Ashkenazi Jewish Screening Panel
The Ashkenazi Jewish screening panel currently consists of testing for seven diseases common in the Ashkenazi Jewish population: Bloom syndrome (BLM), Canavan disease (CVN), Familial dysautonomia (FD), Fanconi anemia group C (FA-C), mucolipidosis type IV (MLP4), Niemann Pick disease type A & B (NP) and Tay-Sachs (TSD) disease. Although these conditions have been reported in individuals of various ethnic backgrounds, these diseases occur most frequently in people of Ashkenazi Jewish ancestry. These conditions present when a child receives two copies of an altered gene, one from each parent. Any person with one copy of an altered gene is a carrier of that disease. Carriers are not affected themselves and will not develop the disease. However, if their partner is also a carrier for the same disease, there is a one in four chance (25%) that their baby will be born with the disease condition. There is a three in four chance (75%) that their baby will not have the disease condition.
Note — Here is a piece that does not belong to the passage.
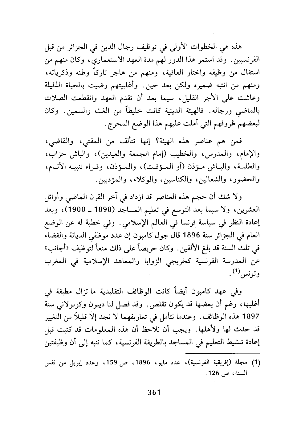 ولا شك أن حجم هذه العناصر قد ازداد في آخر القرن الماضي وأوائل العشرين، ولا سيما بعد التوسع في تعليم المساجد (1898 - 1900). وبعد إعادة النظر في سياسة فرنسا في العالم الإسلامي، وفي خطبة له عن الوضع العام في الجزائر سنة 1896 قال جول كامبون إن عدد موظفي الديانة والقضاء في تلك السنة قد بلغ الألفين، وكان حريصا على ذلك منعا لتوظيف (أجانب) عن المدرسة الفرنسية كخريجي الزوايا والمعاهد الإسلامية في المغرب وتونس (¬1).

Bloom syndrome (BLM) is characterized by short stature, sun-sensitive facial erythema, and immunodeficiency. Individuals with BLM are at increased risk for the development of cancer and diabetes. BLM is an autosomal recessive (AR) condition caused by the lack of RecQ DNA helicase, an enzyme involved in DNA repair. The BLM gene which codes for RecQ DNA helicase located at 15q26.1. One mutation in the BLM gene accounts for 98% of the mutations seen in Ashkenazi Jewish (AJ) individuals affected with BLM.
Patients with Canavan disease (CVN) exhibit progressive mental retardation, atonia of neck muscles, macrocephaly, hyperextension of legs, flexion of arms and blindness. Although survival rates vary, the majority of patients with CVN die in childhood. CVN is an AR disorder caused by a deficiency of the enzyme aspartoacylase, which breaks down N-acetylaspartic acid (NAA). The gene for aspartoacylase (ASPA) has been localized to chromosome 17p13-pter. Four mutations in the ASPA gene account for 98% of the mutations seen in AJ individuals affected with CVN.
Familial dysautonomia (FD) is a progressive degenerative disorder affecting the autonomic and sensory nervous systems. Some common features of FD include a decreased ability to feel pain or temperature sensations, blood pressure and body temperature fluctuations, difficulties feeding and swallowing, gastrointestinal motility problems, developmental delay, recurrent pneumonias and decreased stature. FD is an AR disorder caused by a mutation in the IKBKAP gene, located on chromosome 9 (9q31). Two mutations in the IKBKAP gene account for over 99% of the mutations seen in AJ individuals affected with FD.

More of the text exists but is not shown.